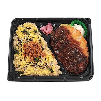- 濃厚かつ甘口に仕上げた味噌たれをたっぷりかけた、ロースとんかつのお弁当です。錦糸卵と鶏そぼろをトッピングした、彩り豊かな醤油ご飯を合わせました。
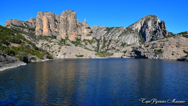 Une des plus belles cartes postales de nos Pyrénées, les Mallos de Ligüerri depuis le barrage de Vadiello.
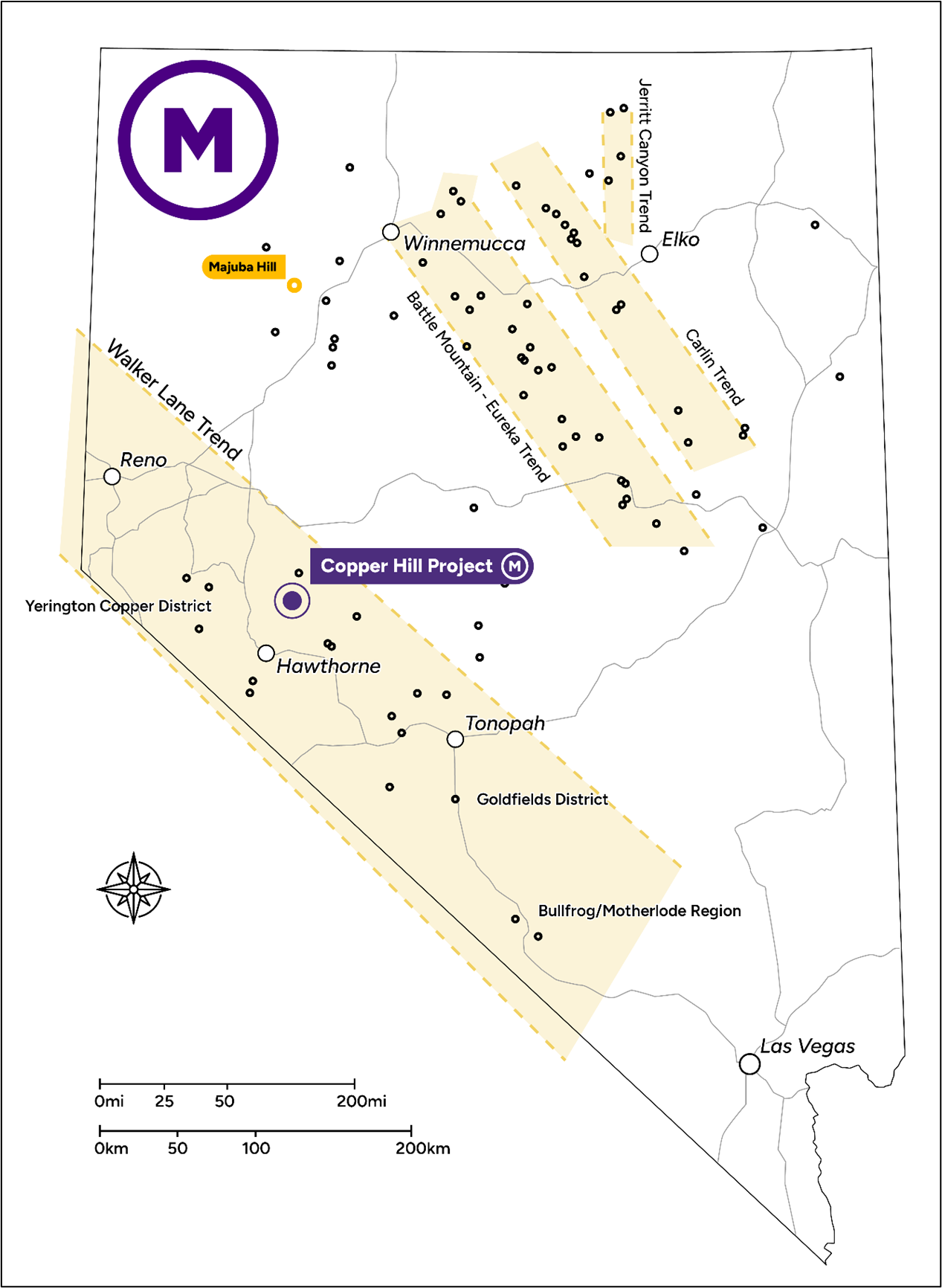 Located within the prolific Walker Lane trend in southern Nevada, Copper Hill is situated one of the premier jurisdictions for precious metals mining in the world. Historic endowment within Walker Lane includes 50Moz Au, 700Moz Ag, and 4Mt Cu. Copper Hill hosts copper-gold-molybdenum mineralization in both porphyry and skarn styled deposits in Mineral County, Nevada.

...

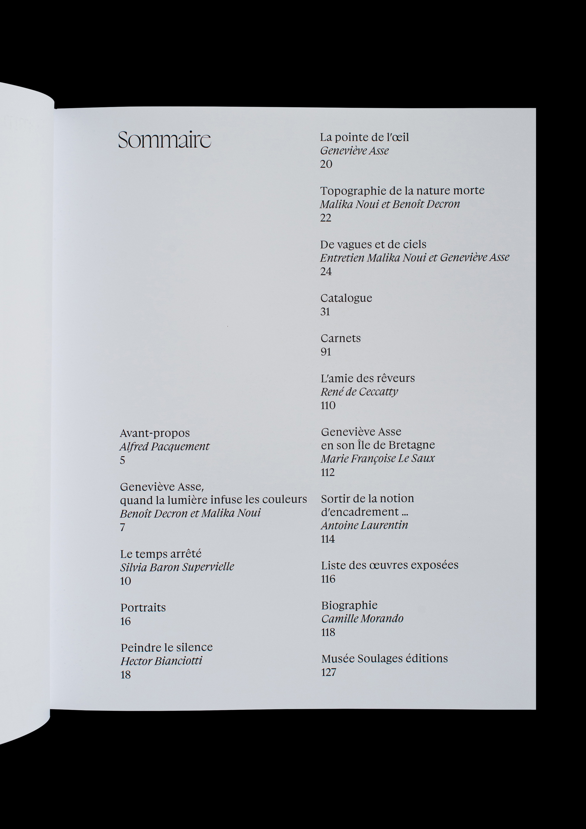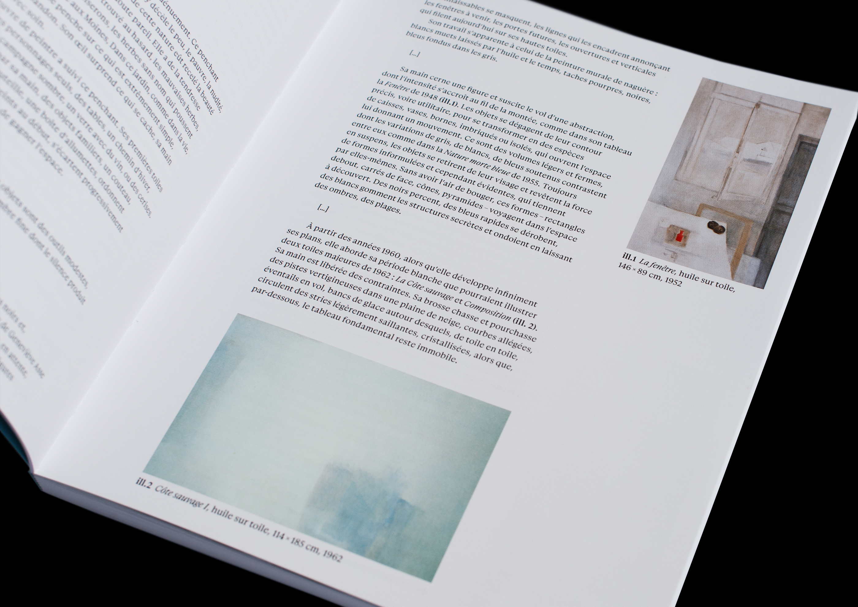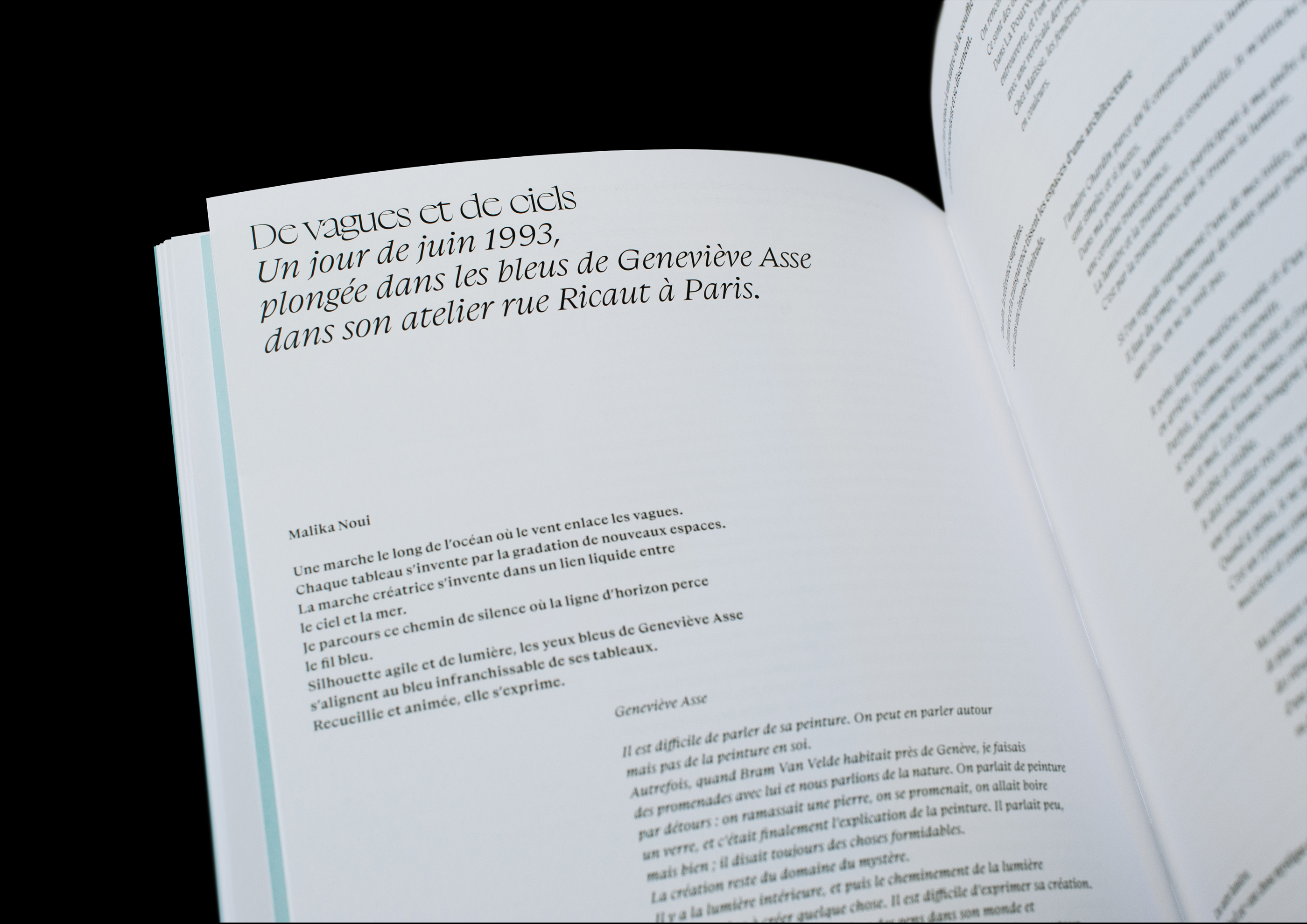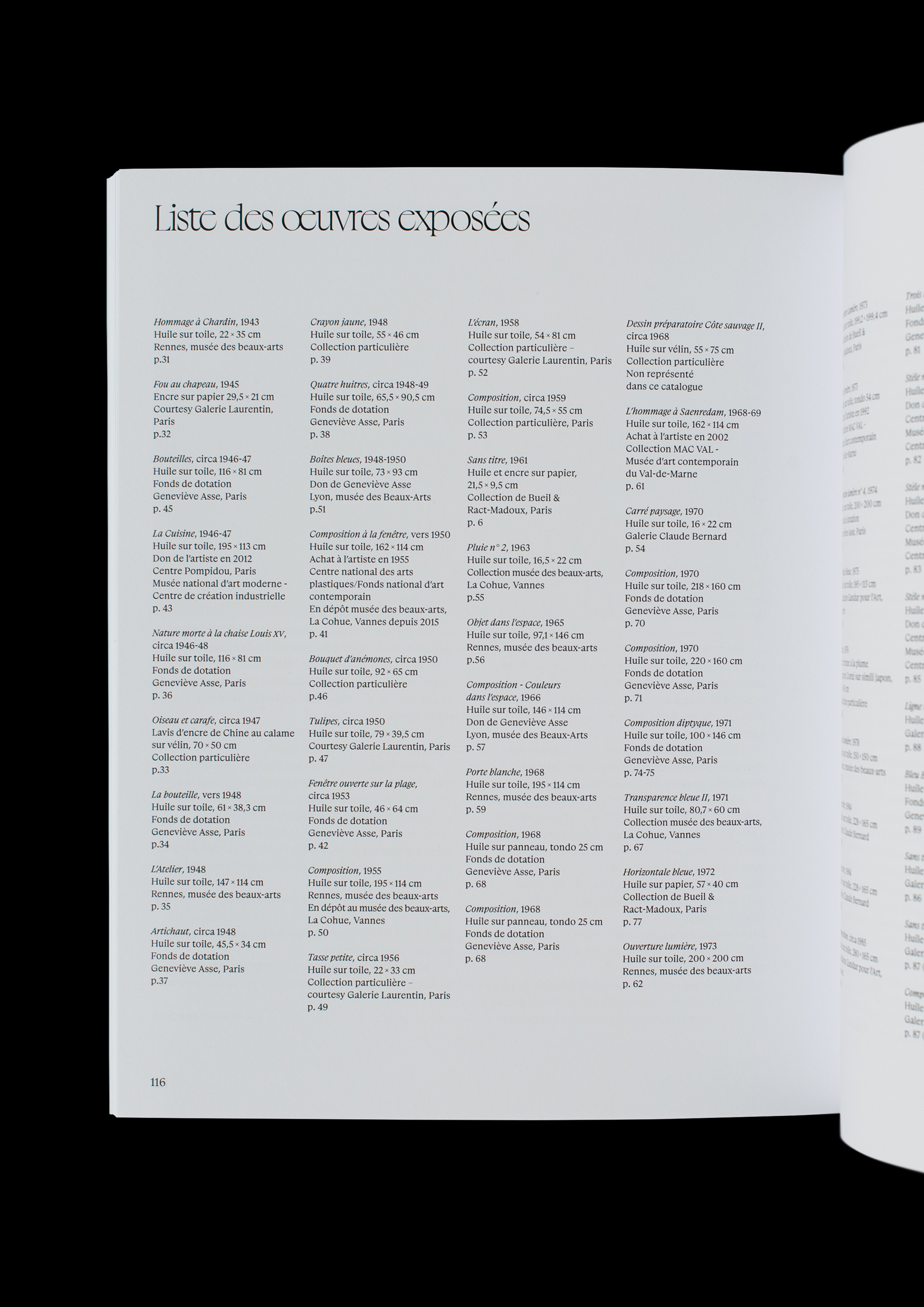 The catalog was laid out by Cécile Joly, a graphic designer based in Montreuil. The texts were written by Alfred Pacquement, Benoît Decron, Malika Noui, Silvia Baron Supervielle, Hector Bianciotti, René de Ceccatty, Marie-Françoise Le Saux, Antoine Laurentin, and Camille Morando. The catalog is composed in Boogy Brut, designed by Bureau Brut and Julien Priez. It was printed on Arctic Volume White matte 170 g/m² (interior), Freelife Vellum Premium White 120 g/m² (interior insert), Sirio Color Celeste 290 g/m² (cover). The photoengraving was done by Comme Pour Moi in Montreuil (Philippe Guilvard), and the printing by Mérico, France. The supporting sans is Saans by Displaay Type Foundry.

Exercise objective: "- 濃厚かつ甘口に仕上げた味" marks the first line to copy, and "Located within the" marks the last. Repeat that stretch above exactly, with no pictures.

Answer space:
- 濃厚かつ甘口に仕上げた味噌たれをたっぷりかけた、ロースとんかつのお弁当です。錦糸卵と鶏そぼろをトッピングした、彩り豊かな醤油ご飯を合わせました。
 Une des plus belles cartes postales de nos Pyrénées, les Mallos de Ligüerri depuis le barrage de Vadiello.
 Located within the prolific Walker Lane trend in southern Nevada, Copper Hill is situated one of the premier jurisdictions for precious metals mining in the world. Historic endowment within Walker Lane includes 50Moz Au, 700Moz Ag, and 4Mt Cu. Copper Hill hosts copper-gold-molybdenum mineralization in both porphyry and skarn styled deposits in Mineral County, Nevada.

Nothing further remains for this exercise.